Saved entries
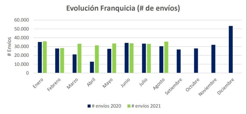 Estos datos derivan de los envíos incluidos bajo el régimen de franquicias, en compras realizadas por personas físicas mayores de edad, de hasta US$ 200 para los envíos recibidos por correo expreso y hasta US$ 50 para los recibidos por correo no expreso.
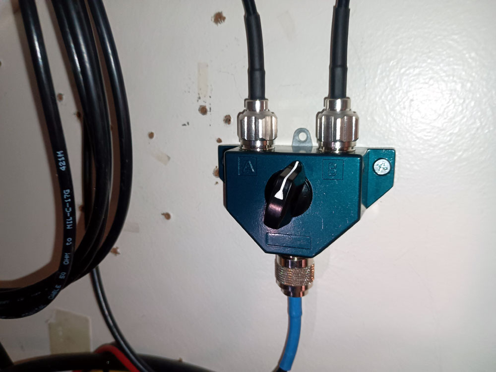 Senast uppdaterat 2026.04.11 Jobbar med kablage, lägger på lite krympslag vid kontakterna på RG-217 kabeln & provmäter. Använder 'Raychem 25/8' krympslang med smältlim invändigt, den går lätt utanpå kontakterna och kan krympa ihop ner till 8mm. 'Raychem' krympslang / Koaxialomkopplare Monterar en koaxialomkopplare 'KPO KX-201 N' inne i mitt radio-shack, den ska användas för att välja vilken radio som ska kopplas ut till antennen. Position 'A' kopplar till 'SPE Expert 1K-FA' slutsteg & 'YEASU FT-710 AESS' radion för 50MHz/6M Position 'B' kopplar till 'RF-Concepts 2-315' slutsteg & 'YAESU FT-857D' radion för 144MHz/2M 2026.04.10 Har inhandlat ett begagnat 'RF-Concepts 2-315' VHF slutsteg (Från SM0IKR), det ska enl. manualen kunna lämna (MAX) 150-170W vid 40-50W inmatad effekt. 'RF-Concepts 2-315' VHF slutsteg FRONT / BACK (Lånade bilder)
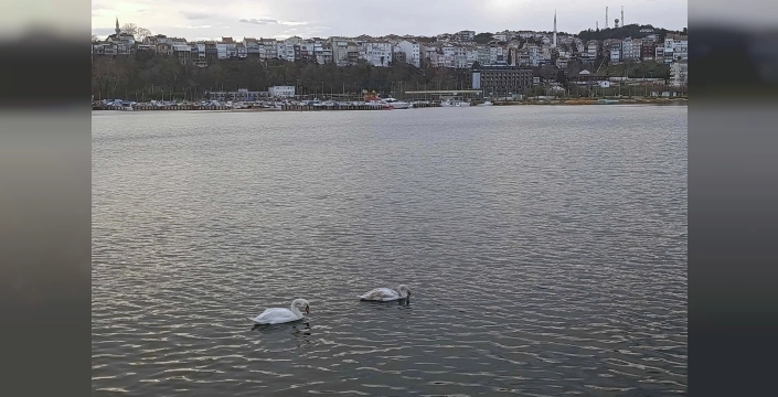 İstanbul'un Şile Limanı'na gelen iki kuğu, rüzgarsız havanın ve limandaki sakinliğin tadını çıkararak huzur içinde dolaştı.
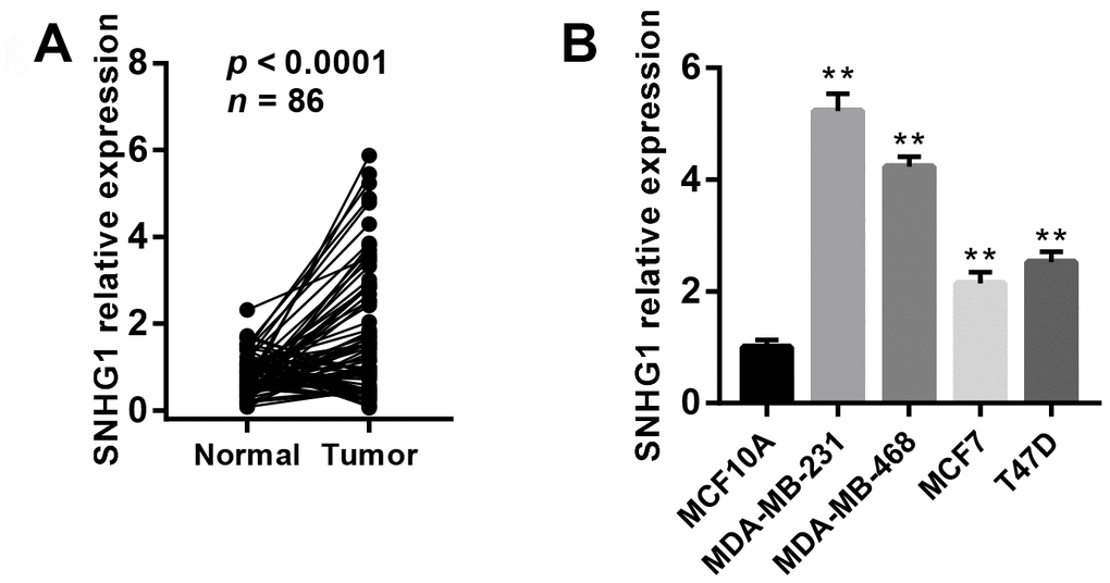 We also measured SNHG1 expression using Q-RT-PCR in MCF10 mammary epithelial cell lines and four breast cancer cell lines (MDA-MB-231, MDA-MB-468, MCF7, and T47D). As expected, SNHG1 expression was higher in the breast cancer cell lines than in the MCF10A cells (Figure 1B).
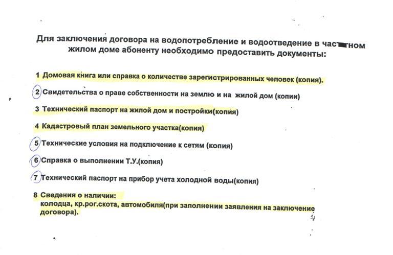 L'eau est la richesse du pays, donc personne ne peut l'utiliser gratuitement, surtout si elle est fournie par le réseau d'approvisionnement en eau. Par conséquent, un accord doit être conclu entre le consommateur et le service des eaux pour la fourniture d'eau et son évacuation par les systèmes d'égouts. Pour cela, des contrats types sont utilisés, qui sont approuvés par le décret du gouvernement de la Fédération de Russie sous le numéro 645 du 29 juillet 2013. Les contrats d'approvisionnement en eau froide et d'assainissement avec une personne morale ou une personne physique sont conclus après que l'abonné a soumis des documents pour la propriété d'un bien immobilier ou d'un terrain. Une demande est soumise à l'organisme de distribution d'eau, où elle sera examinée dans les 20 jours.

Work instructions - Word for word, restate the records shown above, minus the pictures.

Task solution -
 Estos datos derivan de los envíos incluidos bajo el régimen de franquicias, en compras realizadas por personas físicas mayores de edad, de hasta US$ 200 para los envíos recibidos por correo expreso y hasta US$ 50 para los recibidos por correo no expreso.
 Senast uppdaterat 2026.04.11 Jobbar med kablage, lägger på lite krympslag vid kontakterna på RG-217 kabeln & provmäter. Använder 'Raychem 25/8' krympslang med smältlim invändigt, den går lätt utanpå kontakterna och kan krympa ihop ner till 8mm. 'Raychem' krympslang / Koaxialomkopplare Monterar en koaxialomkopplare 'KPO KX-201 N' inne i mitt radio-shack, den ska användas för att välja vilken radio som ska kopplas ut till antennen. Position 'A' kopplar till 'SPE Expert 1K-FA' slutsteg & 'YEASU FT-710 AESS' radion för 50MHz/6M Position 'B' kopplar till 'RF-Concepts 2-315' slutsteg & 'YAESU FT-857D' radion för 144MHz/2M 2026.04.10 Har inhandlat ett begagnat 'RF-Concepts 2-315' VHF slutsteg (Från SM0IKR), det ska enl. manualen kunna lämna (MAX) 150-170W vid 40-50W inmatad effekt. 'RF-Concepts 2-315' VHF slutsteg FRONT / BACK (Lånade bilder)
 İstanbul'un Şile Limanı'na gelen iki kuğu, rüzgarsız havanın ve limandaki sakinliğin tadını çıkararak huzur içinde dolaştı.
 We also measured SNHG1 expression using Q-RT-PCR in MCF10 mammary epithelial cell lines and four breast cancer cell lines (MDA-MB-231, MDA-MB-468, MCF7, and T47D). As expected, SNHG1 expression was higher in the breast cancer cell lines than in the MCF10A cells (Figure 1B).
 L'eau est la richesse du pays, donc personne ne peut l'utiliser gratuitement, surtout si elle est fournie par le réseau d'approvisionnement en eau. Par conséquent, un accord doit être conclu entre le consommateur et le service des eaux pour la fourniture d'eau et son évacuation par les systèmes d'égouts. Pour cela, des contrats types sont utilisés, qui sont approuvés par le décret du gouvernement de la Fédération de Russie sous le numéro 645 du 29 juillet 2013. Les contrats d'approvisionnement en eau froide et d'assainissement avec une personne morale ou une personne physique sont conclus après que l'abonné a soumis des documents pour la propriété d'un bien immobilier ou d'un terrain. Une demande est soumise à l'organisme de distribution d'eau, où elle sera examinée dans les 20 jours.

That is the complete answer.